Sam out of Australian Open 2012
17 Jan 2012
Update: Samantha Stosur made no attempt to disguise her devastation after her first-round defeat at the Australian Open on Tuesday.
“I’m probably very close to crying, having a really awful night,” Stosur said after becoming the first women’s US Open winner in 45 years of professional tennis to subsequently fall in the first round of the Australian Open.
“But I think you feel what you feel, whether it’s good or bad. It’s hard to suppress those emotions when it means so much to you.”
Stosur’s Open campaign lasted 91 minutes before the 27-year-old bowed out with a 7-6 (2) 6-3 defeat to Romania’s world No.59 Sorana Cirstea, a player she’d crushed in straight sets in both their previous meetings.
But having reigned in New York last September just two months after succumbing in the first round at Wimbledon, Stosur refuses to believe she won’t one day achieve her dream of winning the Australian Open.
“The last few years I got beaten by players who definitely played better than me on the day,” Stosur said.
“Third, fourth rounds obviously aren’t where you want to go, but certainly better than a first round. All you can do is come back next year and keep trying.
“Obviously, it’s not hard to improve on a first-round loss.
“I’ve got the rest of the year obviously. Of course I want to do better here, but I can’t think that, `oh, because this month didn’t go the way I wanted it to, the year is shot either’.
“It’s not going to deter me from doing what I want to do. If anything, it will probably spur me on to try even harder and do even more.”
But carrying the hopes of a nation, Stosur conceded she may have tried too hard to deliver.
“Of course I wanted to do very well here. You want it to come right now,” she said.
“That’s sport. Unfortunately you can’t pick and choose when it’s all going to happen for you.”
After a second-round loss in Brisbane and first-round demise in Sydney, Stosur arrived in Melbourne down on confidence and openly admitting to struggling under the weight of expectation.
“It affects you physically,” she said.
“That’s probably the easiest sign for the outside people to see … to see that you tighten up, your shoulders do get tight, you don’t hit through the ball.
“When anyone’s nervous, I think the first thing that goes is your footwork. You don’t move your feet as well. Once that breaks down, it’s easy for other things to start breaking down.”

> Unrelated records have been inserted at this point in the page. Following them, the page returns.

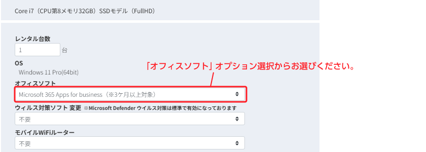 見積依頼画面のオフィスソフト選択から「Microsoft 365 Apps for business(※3ケ月以上対象)」または「Microsoft 365 Apps for business(※3ケ月以上対象)お客様インストール」を選んでカートに入れて下さい。
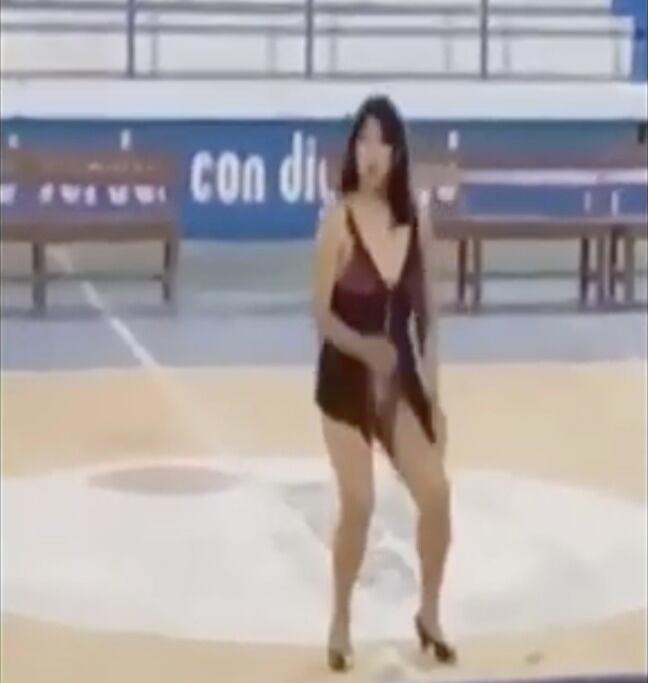 Hasta ahí, todo bien, pero un integrante de los artistas resultó ser una comediante, que no encontró nada mejor que ofrecer al público un espectáculo con tintes eróticos al ritmo de la canción «sin pijama», de Becky G.
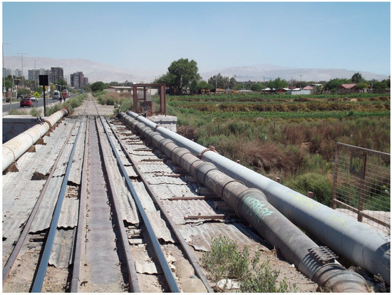Since the late 19th century, the demand for water from the Loa River has grown considerably with the expansion of the nitrate industry in the region, the building of the Antofagasta–Bolivia railway, and the growing demand for drinking water for mining camps and cities [48,100]. Water resource extraction and the privatization of water rights rose sharply from 1915 onward with the development of large-scale copper mining and the accompanying urban expansion; complex systems of intakes, pipes, and storage ponds were also built along the basin [47,48,49,50,101].
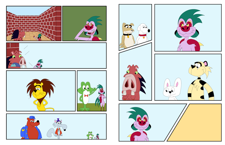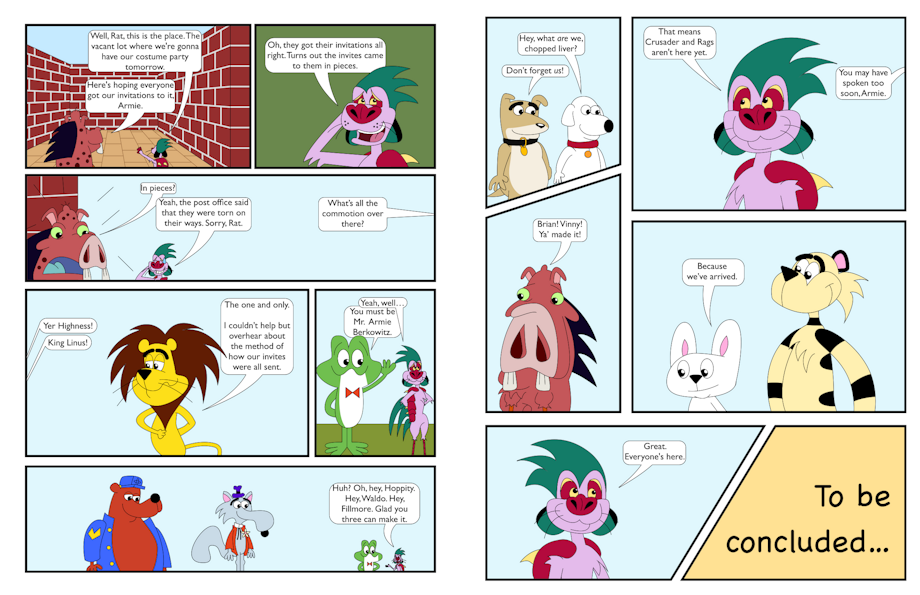A vector comic to fit in with today’s Inktober 2025 prompt, vacant, featuring Armadillamingkat “Armie” Berkowitz, Warratduck “Rat” Smith, Linus the Lionhearted, Hoppity Hooper, Waldo Wigglesworth, Fillmore the Bear, Brian and Vinny from Family Guy, Crusader Rabbit and Rags the Tiger.
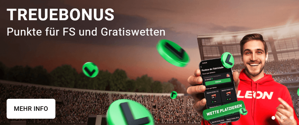 Auf der Suche nach einer beliebten und ansprechenden Sportwetten-Plattform bietet Leon.bet Deutschland großartige Promotionen für deutsche Nutzer an. Das Wettgeschäft ist in Deutschland so ausschlaggebend, und Leon.bet wollte diese Chance nicht versäumen. Schon bei der Anmeldung verdienen Sie dank Leon.bet Gratisspiele, und auch die weitere aktive Nutzung wird belohnt. Leon.bet Deutschland ist daher schon so gefragt! Das Treueprogramm bietet Anreize, um Anbieter weiterhin nutzen und auch frühere Kunden zurückgewinnen. Zu den Bonusfunktionen des Programms gehören zusätzliche Punkte sowohl für Ihre Verluste als auch für Ihre Gewinne.
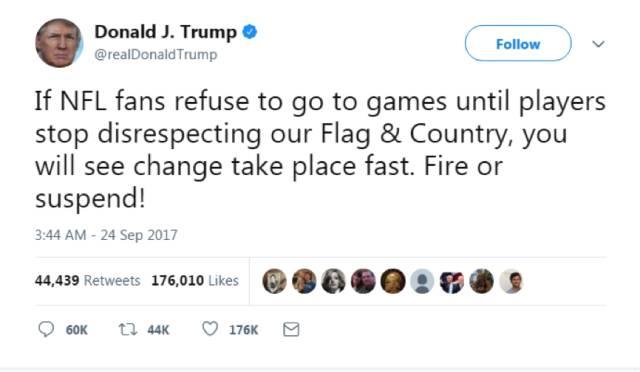 但早已经“身经百战”“见得多了”的特朗普没有因此而闭嘴,反而继续在自己的推特上发言说:“每个爱国的球迷应该抵制职业橄榄球联赛,直到那些亵渎我们国歌和国旗的恶行被彻底制止”。
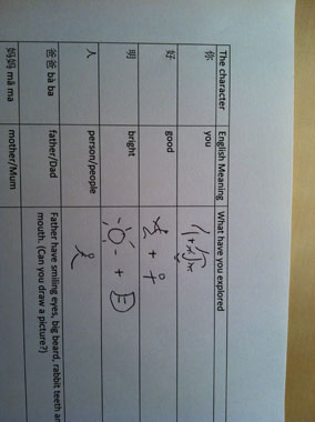 Observation, imagination, analysis let the students develop their own creative ability, practice writing and enhance their memory. At the same time, the students' enthusiasm for learning Chinese characters got highly increased. For example, some students described the character爸as the two points on the Chinese character for "father"(爸) like the smiling eyes; the following tow sweeping strokes like father's beard; "ba"(巴) like a laughing open mouth with two rabbit teeth. Childish as they are, they were actually used their thinking skills effectively.
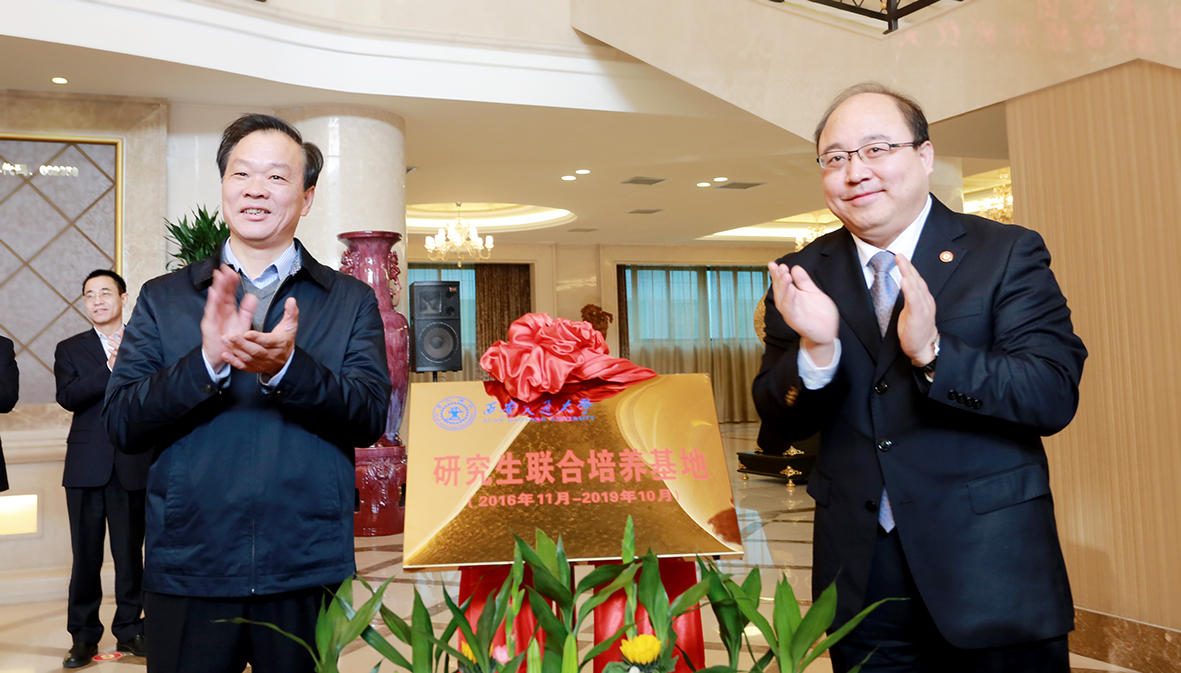 许昌市市长胡五岳、西安交大党委副书记宫辉共同为研究生联合培养基地揭牌;西安交大研究生院培养办公室主任郭炜、集团副总裁乔清周分别代表双方签订研究生联合培养基地合作协议。
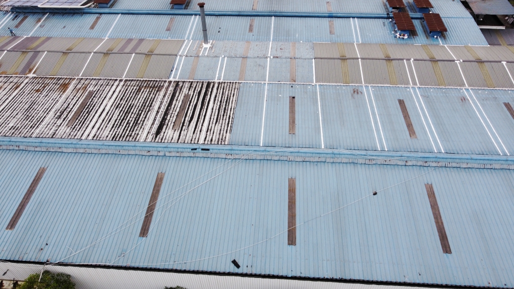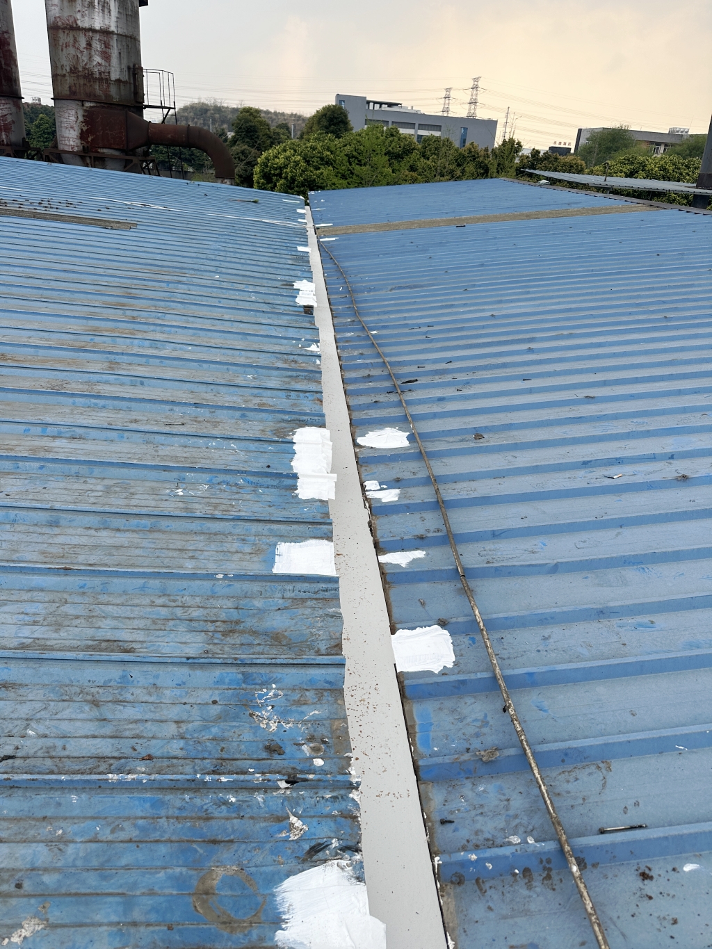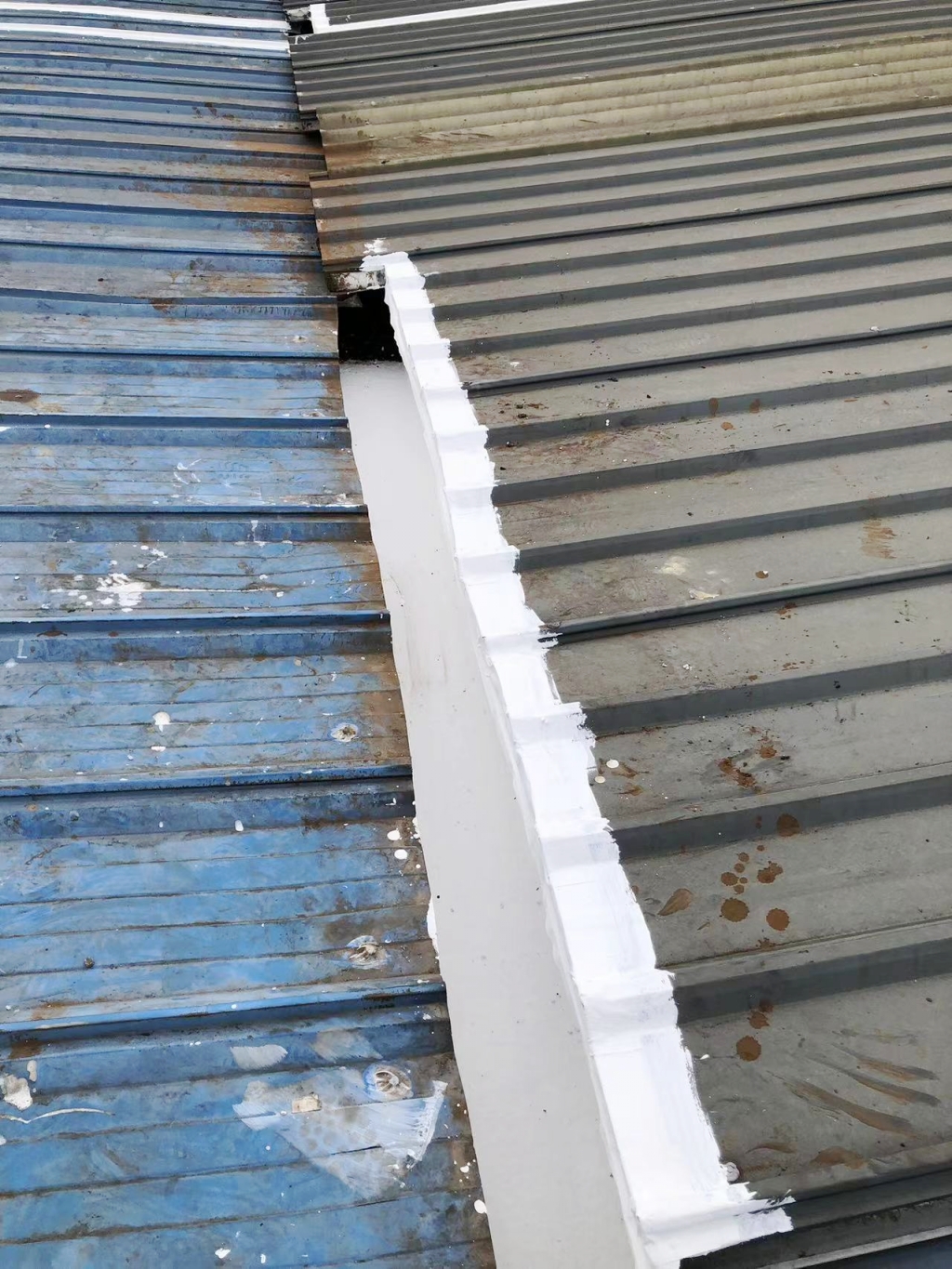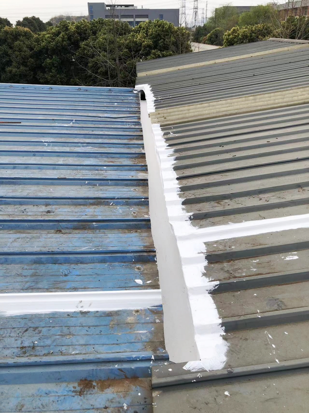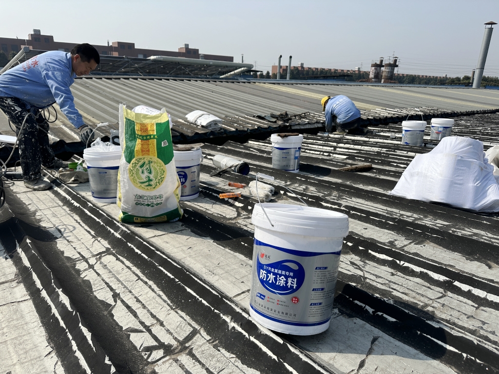 對于彩鋼頂斜坡表面彩鋼搭接縫的漏水問題,公司同樣采用了SYR金屬屋面專用防水涂料配合專用縫織聚酯布進行一布三涂的施工處理。這種施工方法不僅能夠有效密封搭接縫隙,防止水分滲透,還能夠提高彩鋼頂的整體防水性能。

Stosur’s 21-year-old conqueror said post-match that “probably the whole country hates me right now”.
Stosur, though, paid tribute to Cirstea and said no Australian could feel more disappointed than her.
“There’s nothing probably more than my expectation. I really, really wanted to do well here and over the summer,” she said.
“I did everything I could to try and give myself a good opportunity. It obviously didn’t happen.”